In this context, efficiency is not a separate business advantage. It becomes part of patient safety.
Toward decentralized and scalable production
Centralized megafactories have supported the first phase of industrial growth for cell therapies, but they also create distance between the patient and the production line. As demand increases, the next phase points toward more flexible, modular and decentralized models, including point-of-care manufacturing scenarios where production can move closer to hospitals and patients.
This transition cannot happen by reducing control.

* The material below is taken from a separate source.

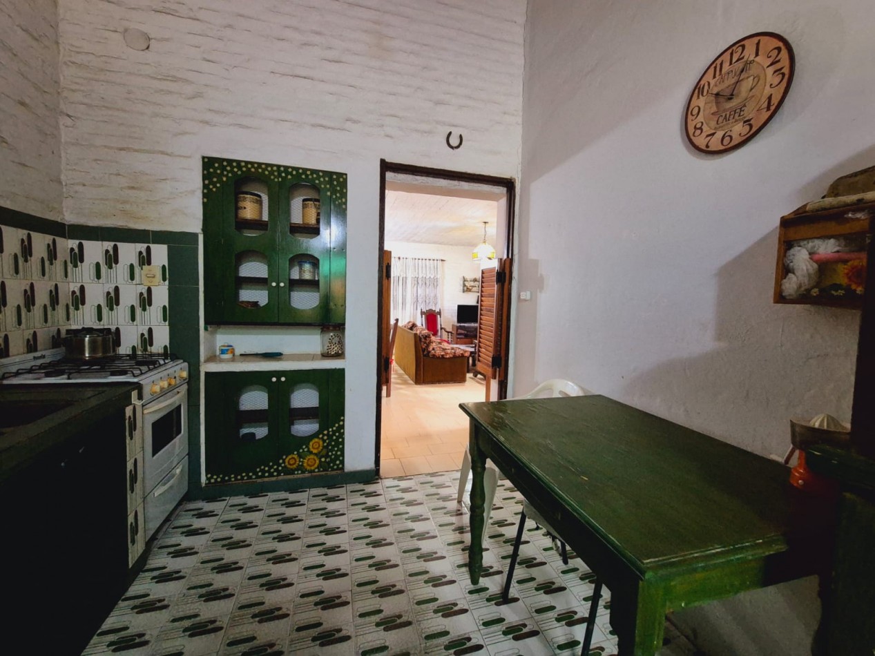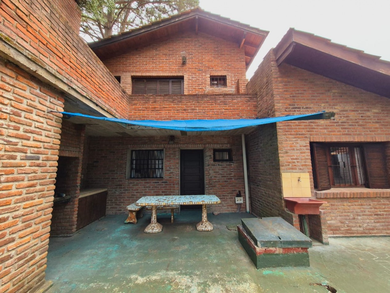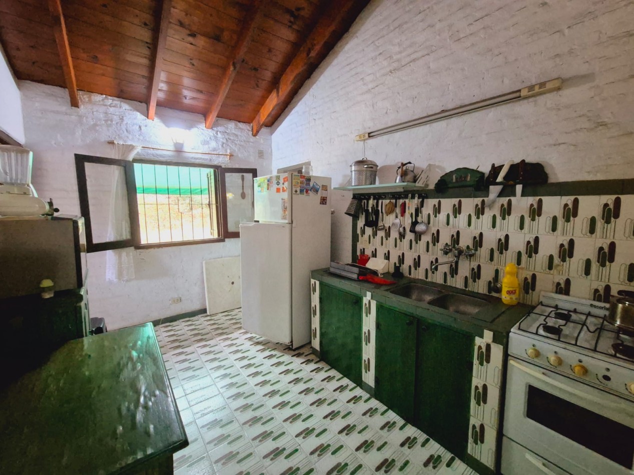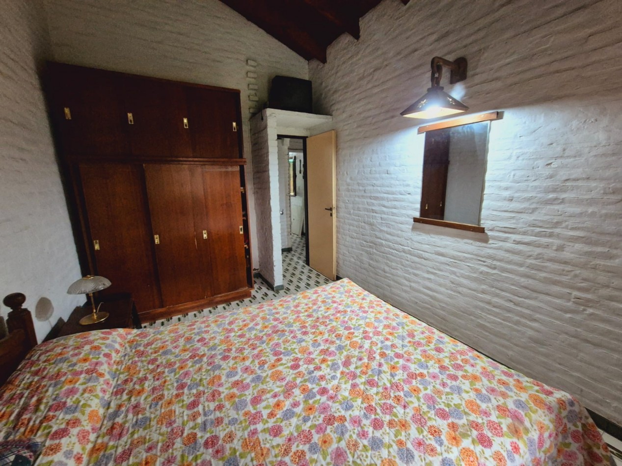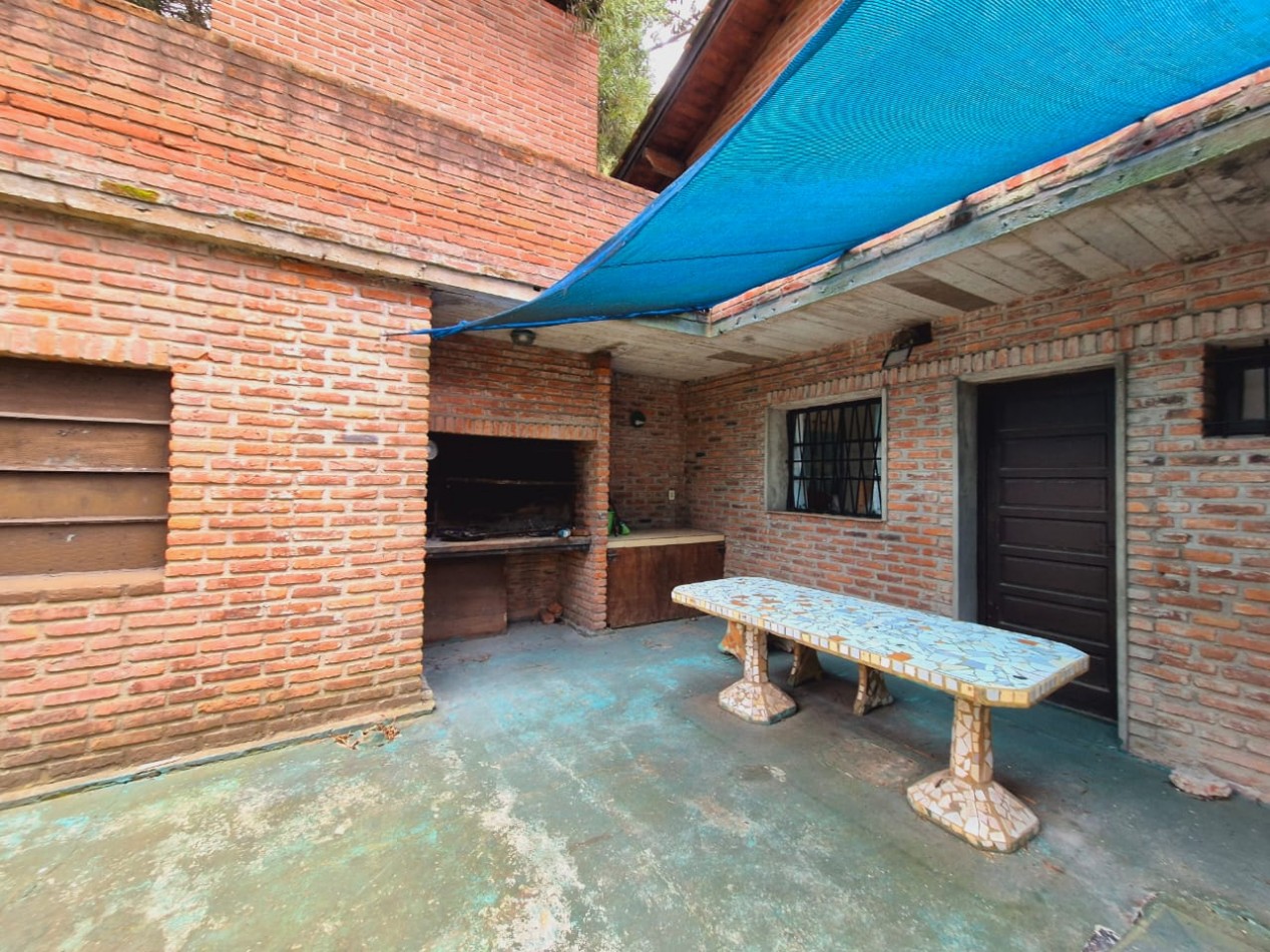 En planta baja casa de 3 dormitorios con 2 baños completos, living comedor, cocina, parrilla y horno de barro, ducha exterior en patio. En planta alta y por escalera exterior cuenta con un departamento de 1 dormitorio, 1 baño completo y coina comedor.

It can only happen if control is built into the manufacturing architecture.
Modularity, automation, sterilization, decontamination and GMP-compliant system manufacturing become part of the same industrial question: how to make advanced therapies producible in a way that is scalable, reproducible and compatible with pharmaceutical responsibility.
Making advanced therapies manufacturable
ATMPs and CAR-T therapies do not need another promise. They need a manufacturing model capable of carrying their biological complexity without reproducing the fragility of manual production.
The scientific path has been opened. The industrial path must now be governed.
This is where Fedegari’s role becomes strategic: integrating advanced robotic technologies within an aseptic architecture, closing the contamination-risk loop through automated sterilization and decontamination, and supporting the GMP-compliant manufacturing of the systems themselves.
Because in advanced therapies, the future does not depend only on what can be discovered. It depends on what can be produced, protected and delivered with confidence.
When manufacturing becomes ready, breakthrough can move closer to the patient.